Right-to-die in Scotland: People in glass houses, etc
The founder of Dignity in Dying was an unabashed eugenicist
The argumentum ad hominem is widely regarded as the worst of arguments, but, you know, it’s fun. It’s also dangerous, as the riposte, tu quoque – what about you?—can be painful.
This takes us to the media in Scotland, where a bill for assisted dying is gathering momentum in Holyrood. An evangelical Christian multi-millionaire, Sir Paul Souter, has pledged nearly nearly £90,000 (US$125,000) to the anti-euthanasia group Care Not Killing. This irked the political editor at the Daily Record, Paul Hutcheon, who interpreted this as a Christian plot to thwart progress in Scotland.
This in turn prompted a campaigner named Jamie Gillies to review the history of the right-to-die movement in the UK in the online journal Spiked – which turns out to be quite interesting and not a little scandalous.
The man who founded Dignity in Dying (originally the Voluntary Euthanasia Legalisation Society) was an English doctor, Killick Millard (1870-1952). Dr Millard was an unabashed supporter of eugenics. He contended that the “feeble-minded and mentally deficient” should be sterilised. Embarrassing quotes abound in his writing. This one is representative: “Those who constitute such a large proportion of the ‘submerged tenth’, the denizens of the slums, are without doubt at the present day the most prolific section of the community, whereas we should like to see them the least prolific.”
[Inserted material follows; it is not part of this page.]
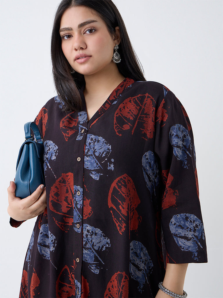 Rejuvenating everyday festive dressing with refined detail, this black kurta by Diza is defined by delicate leaf prints that feel timeless and grounded. Made from breathable fabric in an A-line silhouette, it is finished with a V-neck, three-quarter sleeves and a practical slip pocket.

Canadian historian Ian Dowbiggin studied the career of Millard and concluded that – apart from supporting eugenics, he also looked favourably upon involuntary euthanasia:
“ … in principle he was not against the notion of euthanasia without consent nor was he unalterably opposed to applying euthanasia for eugenic purposes to young children with mental or emotional deficiencies. He opposed involuntary euthanasia primarily because he saw no possibility of its becoming law in the foreseeable future. In short, to raise the question of linking eugenics and euthanasia in the mid-1930s ‘would certainly create much prejudice’ against either or both movements. After some reflection, Millard concluded that the less said of a controversial nature about the eugenic significance of euthanasia the better.”
Will Dignity in Dying follow the lead of Planned Parenthood and MSI Reproductive Choices in cancelling the history of its founder? Millard’s name does not appear on its website – so perhaps it has already done so.